L'histoire :
Début août 1938, le bluesman Robert Johnson est de retour à proximité de la ferme de son enfance. Il est solitaire, il porte un beau costume rayé et un beau chapeau qu’il aime coiffer de travers. Il tient une guitare en bandoulière, une bouteille d’alcool à la main et il fume clope sur clope. Il se souvient de son environnement d’enfant, de la vieille Ford T abandonnée dans un champ, dans laquelle il aimait faire semblant de conduire. Il s’arrête quelques minutes sur la tombe de Virginia, sa femme décédée lors de l’accouchement de leur enfant, également décédé. Il se courbe en deux le temps d’une violente douleur à l’estomac. Il repart à pied, comme il est venu, le long de la route qui passe par ce carrefour dont il a forgé la légende. Il a en effet fait croire à tout son entourage que ses phénoménaux progrès à la guitare étaient dus à un pacte avec le diable, spirituellement signé à cet endroit précis. Le soir tombant, il rejoint Juke Point, un bar où tous les noirs américains qui aiment la musique se donnent rendez-vous. Il écoute un collègue s’accompagner à la guitare sur une chanson assez vulgaire. Il se fait payer par une amie une bouteille de whisky, qu’il descend d’une traite. Mais les douleurs le reprennent. Il sort en titubant et s’écroule au pied d’un grand arbre. Un attroupement se crée autour de lui, qui lutte pour ne pas sombrer…

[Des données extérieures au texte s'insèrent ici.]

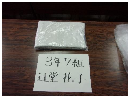
⑤ クラスと名前を書いた紙を用意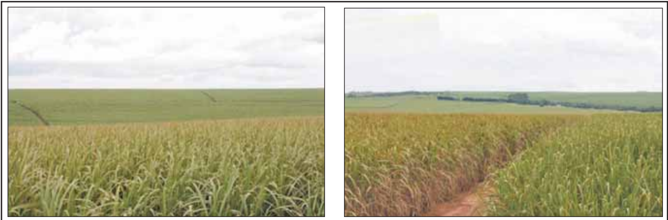
Figura 1. Lotes de caña con variedades susceptibles y resistentes a la roya naranja (San Pablo, Brasil).

En la Tabla 1 se observa que las variedades LCP85-384 y TUCCP77-42, utilizadas comercialmente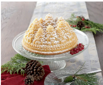
„Tannenbäume“ (nach Lebkuchen-Art)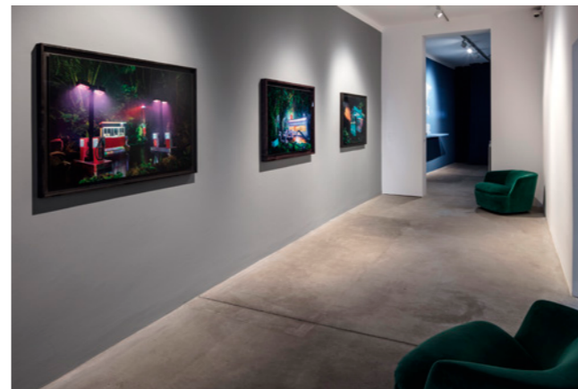
Installationsansicht / Installation view: David LaChapelle , Gas Chevron / Gas am pm / Gas 76 , all 2012. C-prints. Courtesy David LaChapelle Studio © David LaChapelle; Sissel Tolaas , Ocean SmellScape , Archive 2016_2050. Weltkarte und Geruchsmoleküle / world map and smell molecules. Courtesy the artist.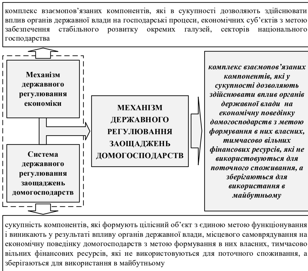
Рис. 1. Сутність механізму державного регулювання заощаджень домогосподарств

Зокрема, варто зауважити, що окреслений механізм за своєю природою також можна розглянути як цілісну, окрему систему, яка складається зі значної кількості елементів. Проте сам механізм щодо системи є тим їхнім елементом, який відображає саме процес, як система функціонує, як пов'язані її компоненти, як відбувається між ними взаємодія. На відміну від системи державного регулювання заощаджень домогосподарств, яка загалом відображає статичний зріз її компонентів і констатує наявність між ними взаємозв'язку,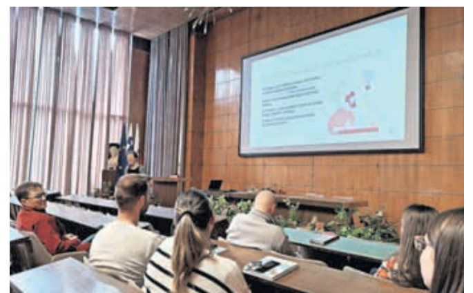
Aprila smo izpeljali že tri delavnice.

Kranj – V proračunih Mestne občine Kranj za leti 2025 in 2026 bo 1.250.000 evrov namenjenih izvajanju participativnega proračuna. To pomeni dobrih 48 tisoč evrov na posamezno krajevno skupnost. O tem, kateremu projektu bo denar namenjen, bodo odločali občani, ki lahko predloge oddajo do konca maja. Jeseni bo na vrsti glasovanje. Ideja in dober predlog pa nista dovolj. Kako torej pripraviti kakovosten in premišljen predlog? V pomoč pri načrtovanju bo vsekakor znanje, pridobljeno na delavnicah, ki jih MOK izvaja v sodelovanju z lokalno skupnostjo in strokovnjaki. »Na srečanjih skupaj pretrčimo vse predloge, povemo, kako predlog pravilno oddati, in seveda odgovarjamo na vprašanja. Za nami so že tri uspešno izpeljane delavnice. Posnetek uvodne delavnice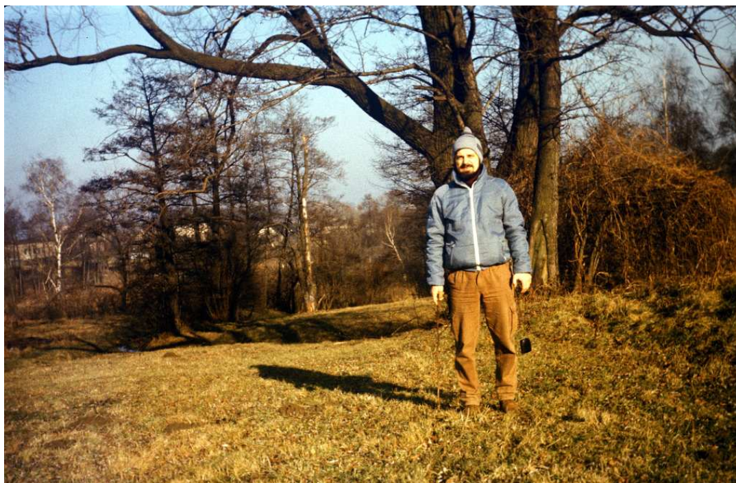
Fot. nr 133. Przy dróżce polnej za potokiem Kliniec, która wiodła na wzgórze do „akademików”. Zima 1988/89.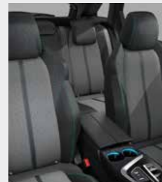
PREMIUM ריפוד בד בצבע אפור בהיר בשילוב דמוי עור

Ce qu'on en pense sur la planète BD :
Noir américain et hobo, Robert Johnson (1911-1938) est considéré comme l’inventeur du Blues. Il fut en effet un tel précurseur et génie de la guitare, qu’on veut bien croire à la légende du pacte avec le diable qu’il aurait signé à un Cross Road (un de ses titres phares). Il est le premier membre du « club des 27 », parmi les stars du rock à être violemment morts à l’âge maudit de 27 ans. Sa légende puissante et l’aube du blues noir américain en général ont déjà beaucoup inspiré Franz Duchazeau, auteur de Lomax, Le rêve de Meteor Slim et Blackface banjo. En auteur complet, Duchazeau entremêle Les derniers jours de Robert Johnson au présent (août 1938) avec ses propres souvenirs d’enfance et de jeunesse, au cours d’une non-linéarité onirique, sans transition, de 235 pages. Son trait charbonneux en noir et blanc, est virtuose s’agissant de dépeindre les décors réalistes, les vieilles bagnoles, les dancefloors rythmés, les locomotives, les rues animées des grandes villes, la campagne et les bayous du Mississipi. Hélas, il s’avère aussi imprécis sur les faciès des personnages – noirs, sans âge, souvent habillés pareillement – qu’on confond régulièrement dans un embrouillamini d’époques et une narration « globale ». Les puristes du blues trouveront aussi dommage que toutes les paroles des chansons soient écrites en français (ça « sonne » tout de suite très différemment…).